She testified that she never made such a complaint about Weberman, despite her accusations.

Farkas also suggested that the now-17-year-old victim brought charges of sexual abuse against the counselor out of a desire for revenge because she believes he told her father that she had a relationship with a boyfriend, something forbidden in the ultra Orthodox Satmar community.

The father had that boy arrested and, when asked in court who she blamed, she did not say Weberman.

"I blamed my father," the young woman testified on Wednesday.

The ultra Orthodox community that first rallied around Weberman, 54, is now standing behind the victim, the family said.

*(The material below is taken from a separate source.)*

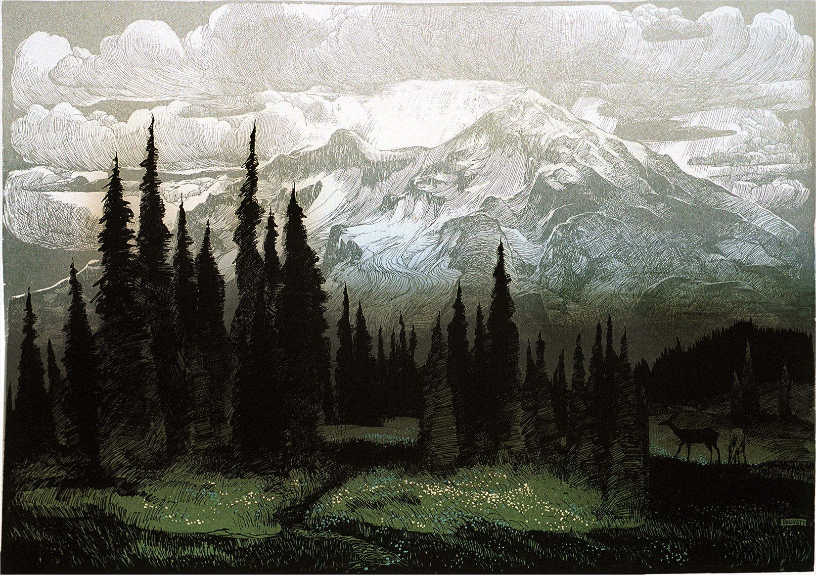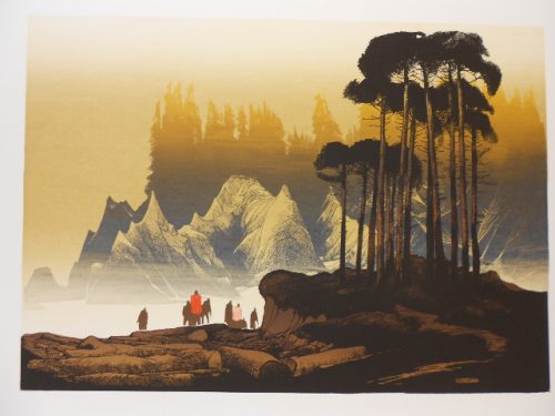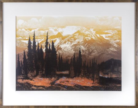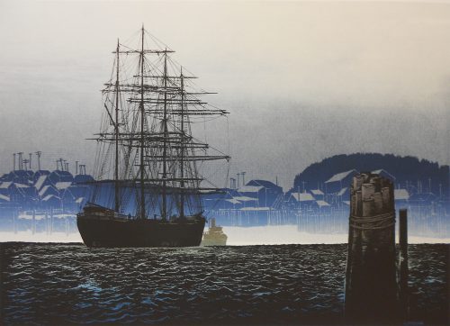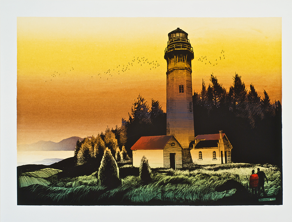 Elton Bennett’s silkscreens center around nature hikes with family and friends in the Pacific Northwest and coastal scenes from his childhood featuring tall ships, steamships, and old lumber mills. Bennett created over 100 serigraph designs from one screen, and made his art accessible and inexpensive, never selling his prints for more than fifteen dollars. Bennett said of his work, “I want [it] to become you. I want the person looking at my artwork to feel so much a part of it that the figure becomes them in that scene.”

"God forbid there are other children who are abused and molested, this is a message to all children to speak up because we are not going to allow it and that's the main thing - that she is suffering so much," the victim's aunt Giddy Goldman told Cornell.

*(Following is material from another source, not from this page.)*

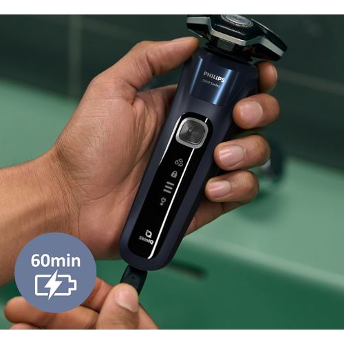 Carregue completamente a sua máquina de barbear em apenas 1 hora com a potente e energeticamente eficiente bateria de iões de lítio. Com pressa? Ligue a sua máquina de barbear durante 5 minutos e obtenha energia suficiente para 1 barbear completo.

Victim advocate Rabbi Yaakov Horowitz said that it is a sign that attitudes within the community are evolving.

"Look around the courtroom and you'll see that things are changing. When we had Weberman's first hearing, we had about 15, 20 people. Now we have a packed courtroom, people are waiting in the halls," Horowitz told Cornell.

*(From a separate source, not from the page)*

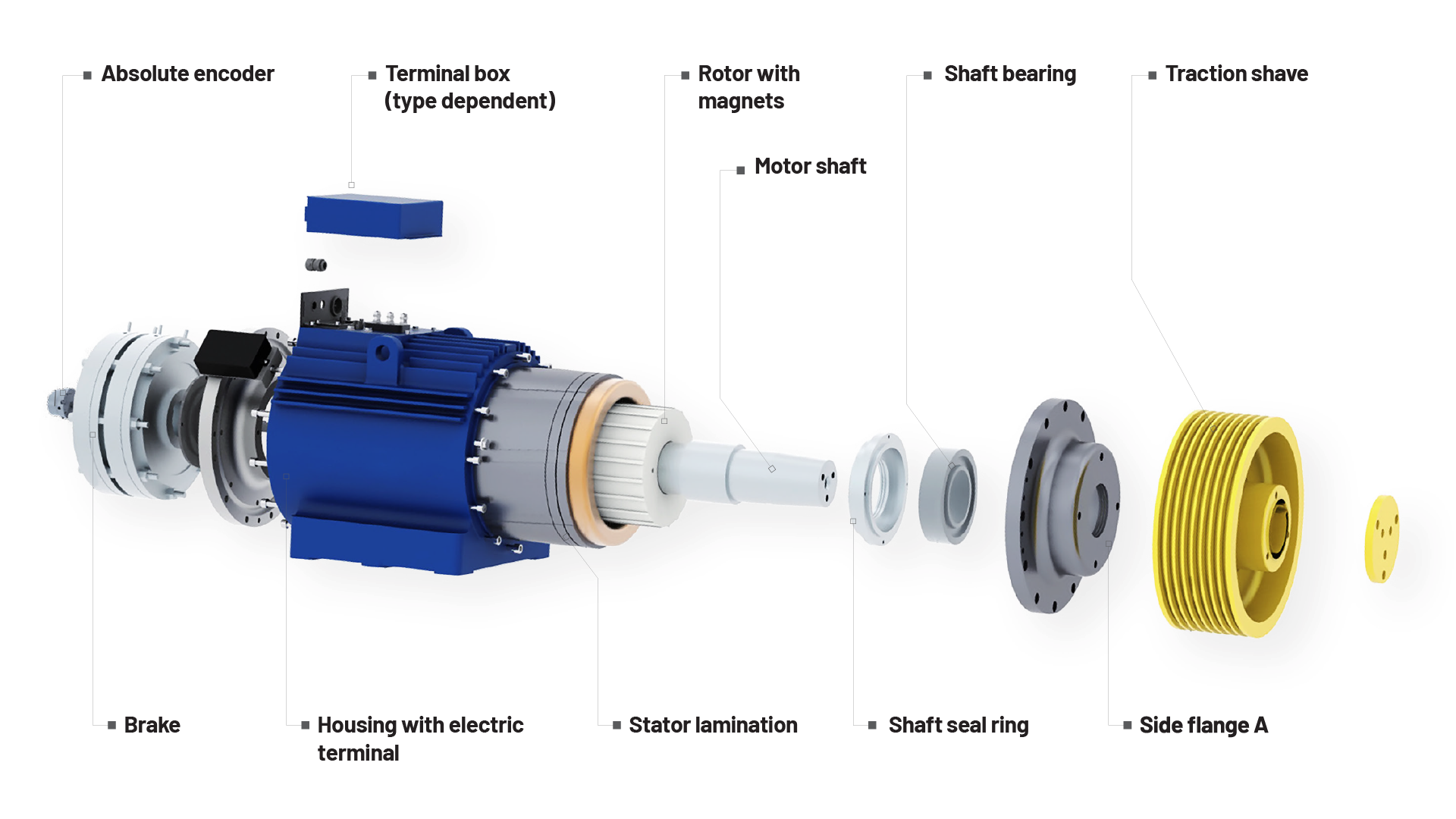 To be in sync with the Sanyo Lift JP product range, we have introduced a unified standard for systematizing between the Japanese and German technologies. Each assembled traction machine still has licensed tags to prove the level of quality and adaptability. The application of a synchronous traction machine without permanent magnet gears improves the utilization rate of the building and improves the driving performance of the elevator when moving.

Rabbi Horowitz said the change shows that the victim who exposed sexual abuse is now viewed as heroic, not a villain, Cornell reported.

Some who tried to get the now-17 year old victim to drop the charges are now standing with her, along with others from the ultra Orthodox community who now say they were molested, Cornell reported.

On Tuesday, the teen testified, claiming the counseling turned into undressing, touching and other sexual contact.

The teen told a packed courtroom Tuesday that from her first meeting with Weberman in an office next to his Clinton Hill apartment, the much-respected Orthodox Jewish leader sexually abused her.

"He proceeded to kiss me. He touched me…I yelled for him to stop. He said, 'You see, if you yell stop, I stop. I'm not doing anything wrong. I'm not doing anything you don't want me to do,'" the victim said Tuesday.

But she testified that Weberman continued to molest her.

"Saying stop didn't seem to work….I didn't know how to fight back. I was numb," the teen said.

In fact, she said it happened every time they met from 2007 — when she was 12 — through 2010.

The accuser said that Weberman would triple lock his door before the abuse, which allegedly took place twice a week for the three years.

Lawyers for Weberman have argued that the allegations being brought against their client are false.

Weberman is expected to testify in his own defense later in the week.